Madison71 Posted October 6, 2021 Posted October 6, 2021 Good Morning - 40 year old participant requested a hardship withdrawal from his 401(k) account to purchase a principal residence. The purchase of a principal residence is listed as one of the safe harbors for hardships in the plan document and there are no maximums or restrictions listed. Participant submitted the purchase agreement and is requesting the entire purchase price of $500,000 as a hardship withdrawal. Participant certified they do not have other assets to satisfy the financial need and the employer does not have any information to the contrary. Any issue outside of the financial hit to the participant as a taxable distribution subject to a 10% early withdrawal penalty?

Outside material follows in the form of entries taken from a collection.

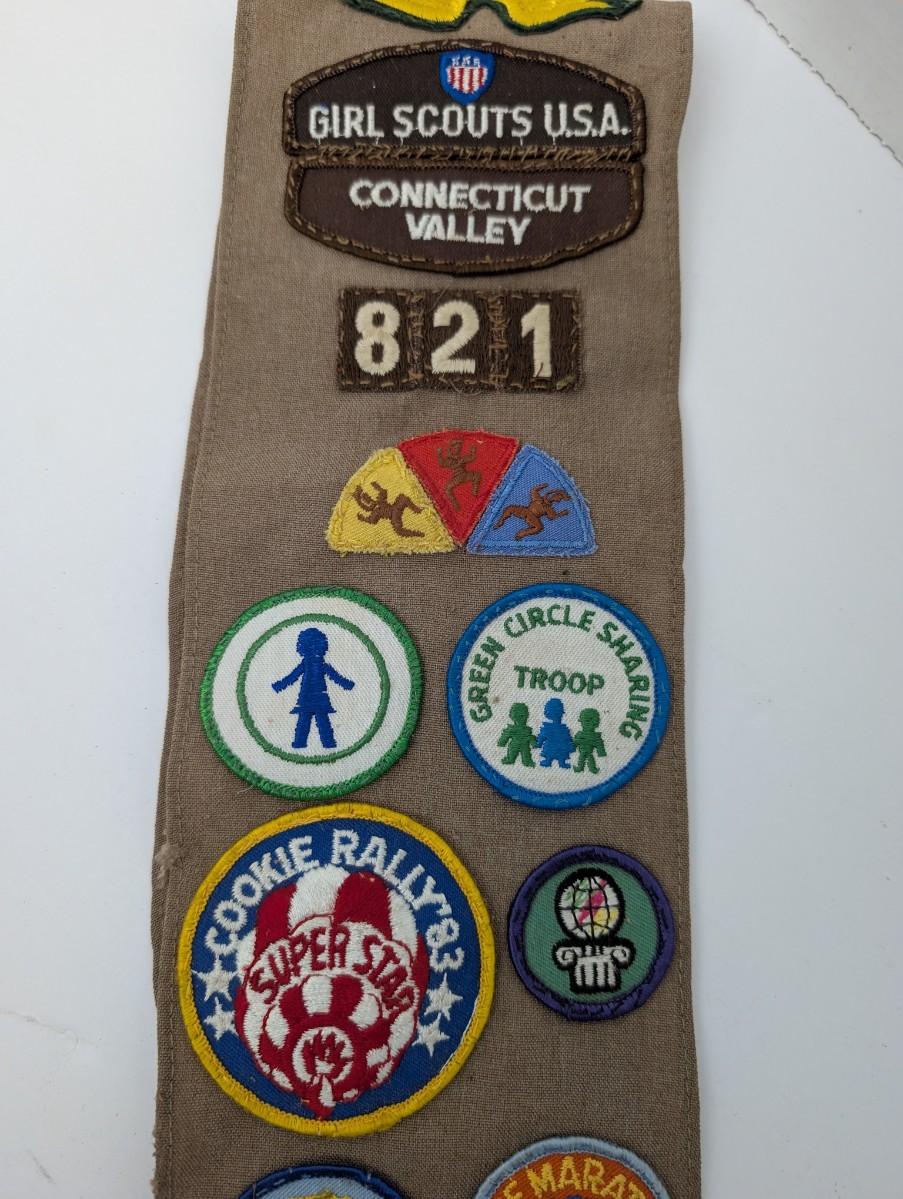 Tags: Girl Scouts, vintage sash, Connecticut Valley, Troop 821, 1980s scouting, embroidered badges, Camp Timber Trails, Mystic Aquarium, collectible patches, Girl Scout memorabilia, retro uniform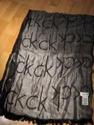 Snygg halsduk från Calvin Klein i svart och grått med stora CK-loggor över hela tyget. Halsduken är rektangulär och har fransar i kanterna. Perfekt accessoar för att lyfta din outfit med en stilren och modern touch.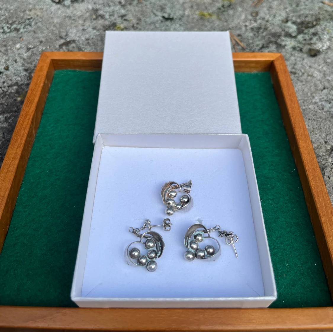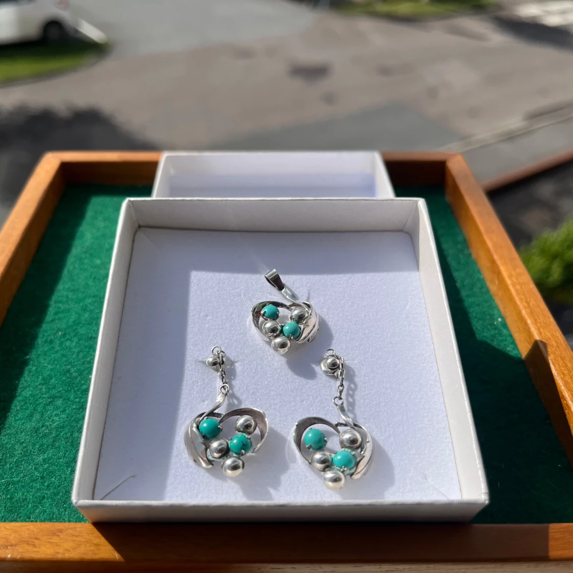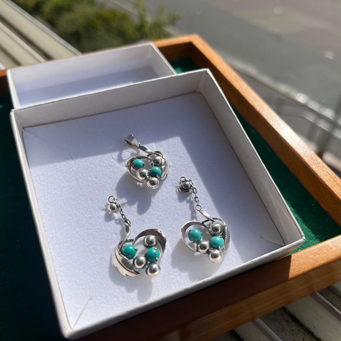 Superfina silver örhängen och ett hänge. Alla är silverstämplade ” 925”. Totalvikten på både hänget och örhängena är 5 gram. Längden på hänget är 3 cm och längden på örhängena är 4,5 cm. Har superfina turkosa cirklar i hjärtformen. Är i bruksskick och har tecken på slitage, se bilder för egen bedömning. Hör av er vid frågor!💕 Box medföljer ej.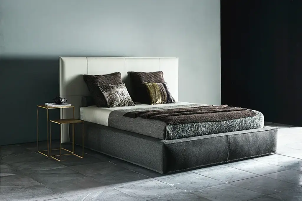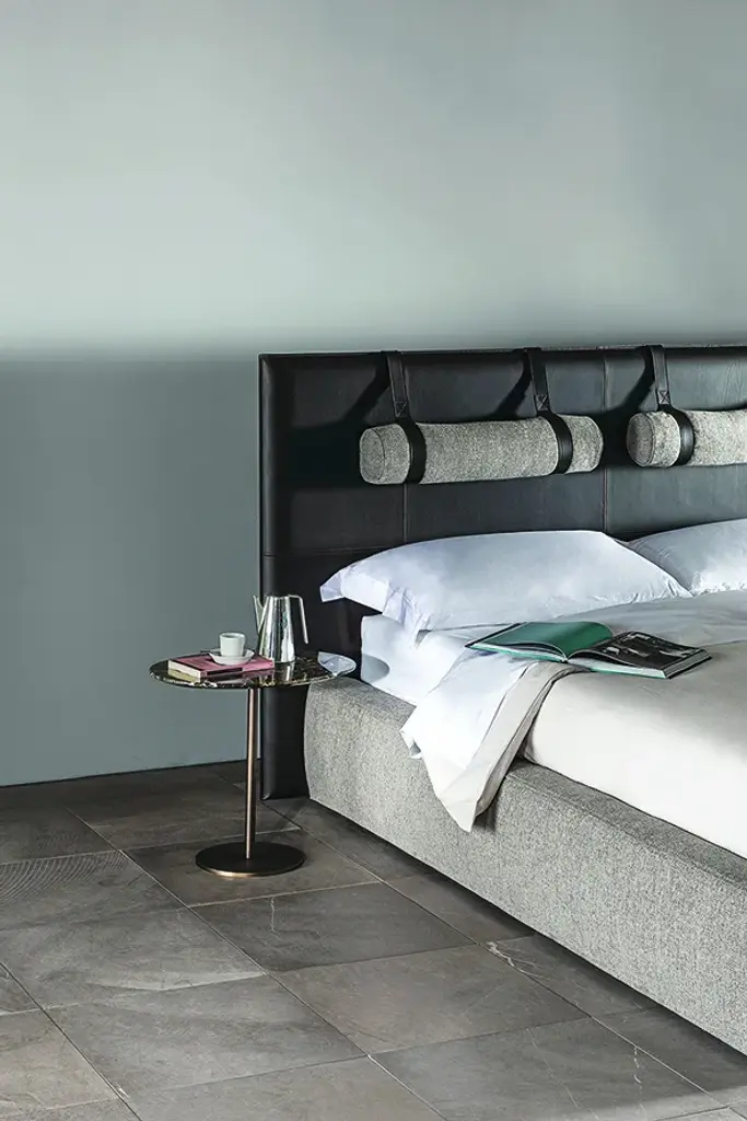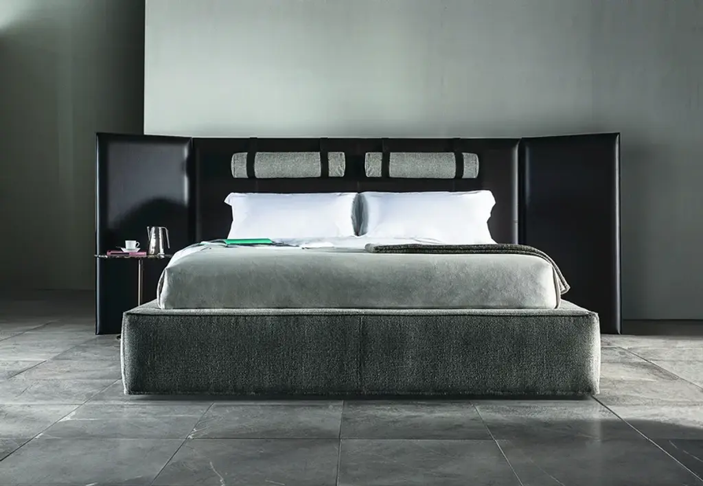 Vibieffe 5800 Tube is a large double bed, available in different sizes and with completely removable cotton, linen, leather or custom covers. A headrest with outward opening leather panels and an adjustable tubular headrest characterize the 5800 Tube bed. The bed base can be lifted to access the storage space underneath. 5800 Tube has a wood plastic composite and plywood frame and has been designed with the utmost attention to style, fineness, quality and care for details that are typical of Interior Design Made in Italy.5800 Tube is an outstanding bed: its headrest has leather panels that can be opened outward, designing your bedroom with sophisticated and elegant style. The 5800 Tube come with an adjustable tubular headrest, particularly comfortable. The bed base is very large and the lifting mechanism to access the underneath storage space comes in two variants: Simple, a frontal lifting mechanism (it opens from the end of the bed) and Patrik, a vertical lifting mechanism (parallel to the floor).This bed, in the storage version, is equipped with the Up&Down mechanism that allows you to adjust the mattress at your favourite height and also with Flat, the beechwood slatted orthopedic bed base with a steel frame, suitable for every Vibieffe mattress.5800 Tube can be covered with an endless range of fabrics in the trendiest colours. Covers are available in the most requested materials: leather, cotton, linen, all of which are top quality handcrafted, sartorial products. The base and headrest padding is made of polyurethane foam wrapped with thermal bonded fibre. The headrest panel is made of plywood covered by polyurethane foam wrapped with a thermal bonded fibre; the headrest can be reclined thanks to an adjustable hinge.Designed to furnish bedrooms, 5800 Tube is the ideal bed also for guest rooms, holiday houses, hotels, self-catering apartments.Vibieffe manufactures sofas, armchairs, sofa beds, beds and furnishing accessories in Lissone and provides solutions for the interior design made in Italy for your home, holiday houses, villas, hotels and self-catering apartments.Technical featuresFrame: composite woods and multilayerBase padding: polyurethane foam covered with heated bonded polyester fibreHeadboard: shaped multilayer wood covered with emery leatherFeet: black standardFrame cover: fabric or leather coverFabric cover completely removable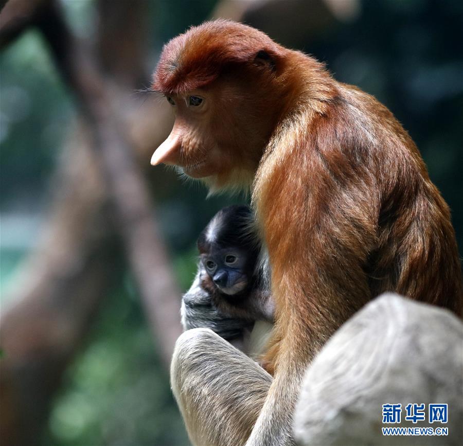当日,广州长隆野生动物世界的珍稀大鼻猴宝宝亮相。它于9月2日在长隆出生。2017年9月,长隆从印度尼西亚成功引进国内首批大鼻猴。 新华社记者 黄国保 摄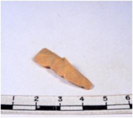 | Description / विवरण | A fragment of a rectangular shaped chert blade showing dorsal sides with sharp edges having smooth surface and triangular section. |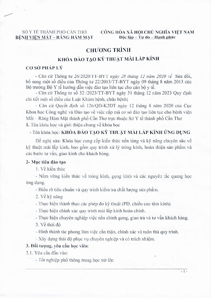 Thông báo Chương trình khóa đào tạo mài lắp kính
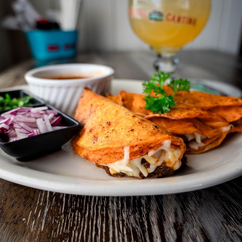 Melted cheese, guajillo braised beef, onion, cilantro, and habanero sauce.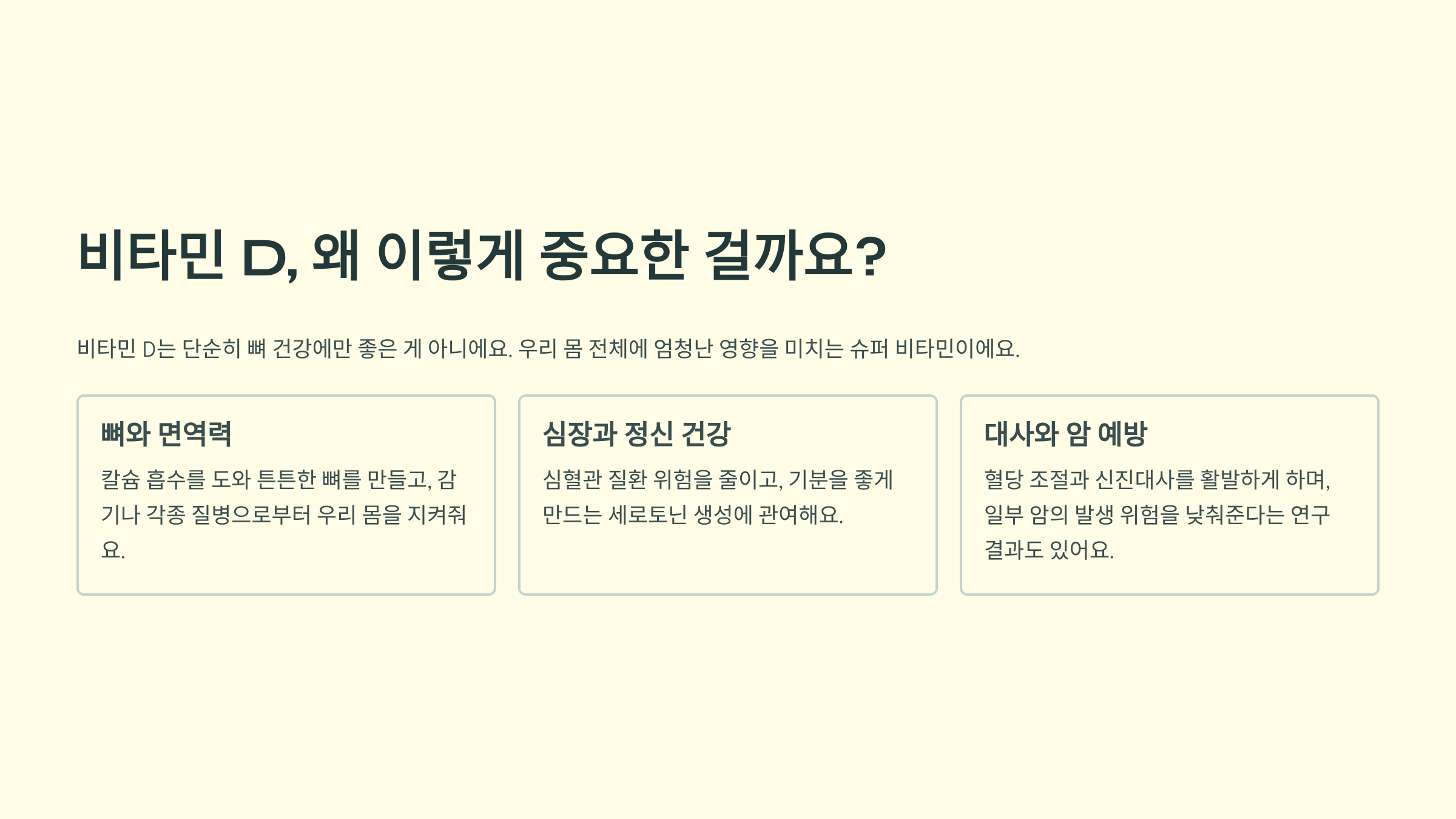 비타민 D는 단순히 뼈 건강에만 좋은 게 아니에요. 우리 몸 전체에 엄청난 영향을 미치는 슈퍼 비타민이라고 할 수 있죠.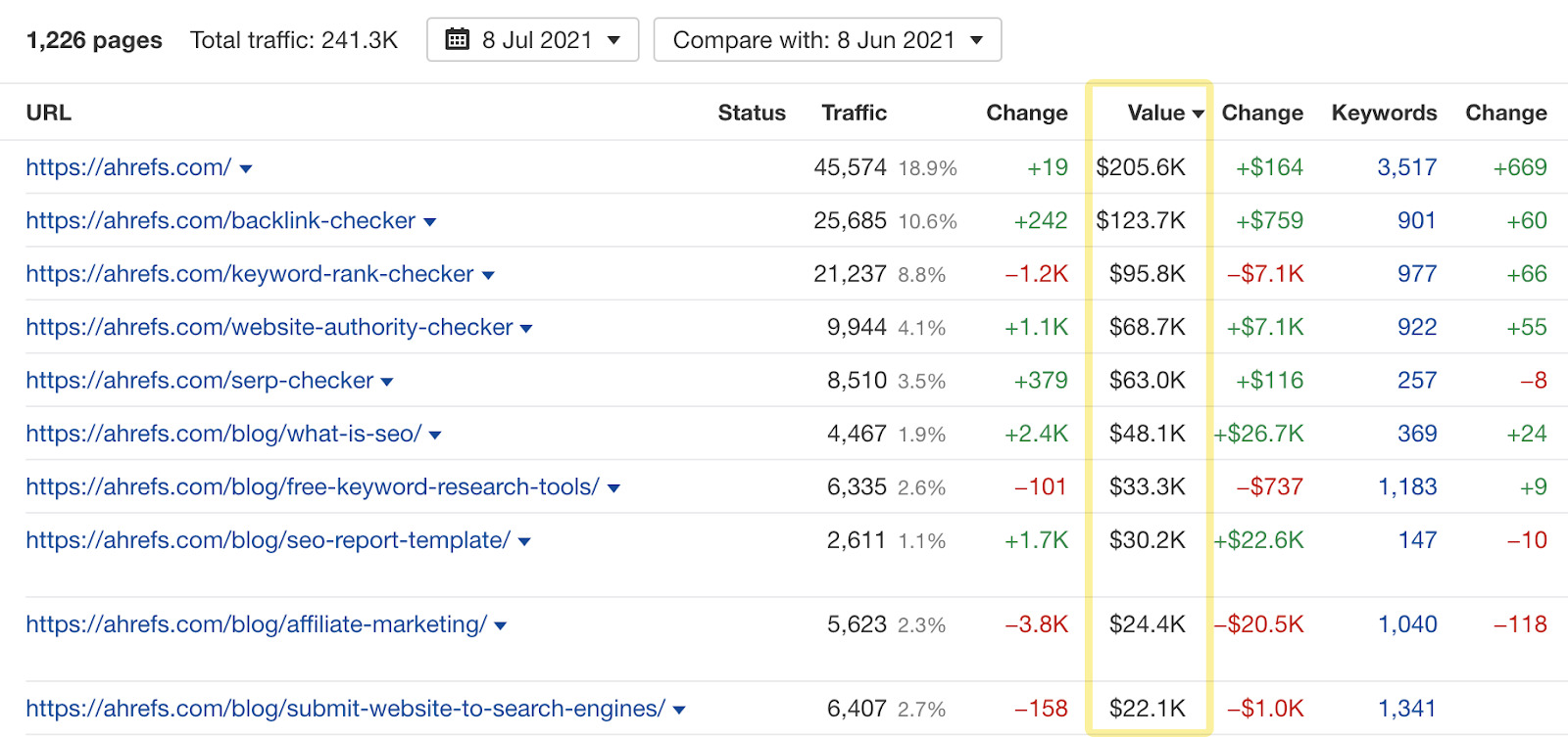 但你也可以更深入地了解页面的流量价值。为此,请在 Site Explorer(网站分析)中打开 Top Pages(热门页面)报告,并按流量值对页面进行排序,以查看最有价值的页面:

It certainly goes against the spirit of a hardship, but the purchase of a principal residence (without limitation) is deemed an immediate and heavy financial need. I appreciate your thoughts.
401king Posted October 6, 2021 Posted October 6, 2021 One could argue the "immediate" need because it is unlikely that they "need" the full purchase price. More than likely, they could be approved for a loan on 80%+ of the property. If I were the Sponsor I would request proof that the participant attempted to obtain a mortgage and were not approved. Luke Bailey 1 R. Alexander
BG5150 Posted October 6, 2021 Posted October 6, 2021 22 minutes ago, 401king said: One could argue the "immediate" need because it is unlikely that they "need" the full purchase price. More than likely, they could be approved for a loan on 80%+ of the property. If I were the Sponsor I would request proof that the participant attempted to obtain a mortgage and were not approved. Under your reasoning: Someone may not "need" the entire amount for the semester tuition bill; they can just take a loan. Someone may not "need" that facelift or tummy tuck, so it's not an acceptable hardship request. QKA, QPA, CPC, ERPATwo wrongs don't make a right, but three rights make a left.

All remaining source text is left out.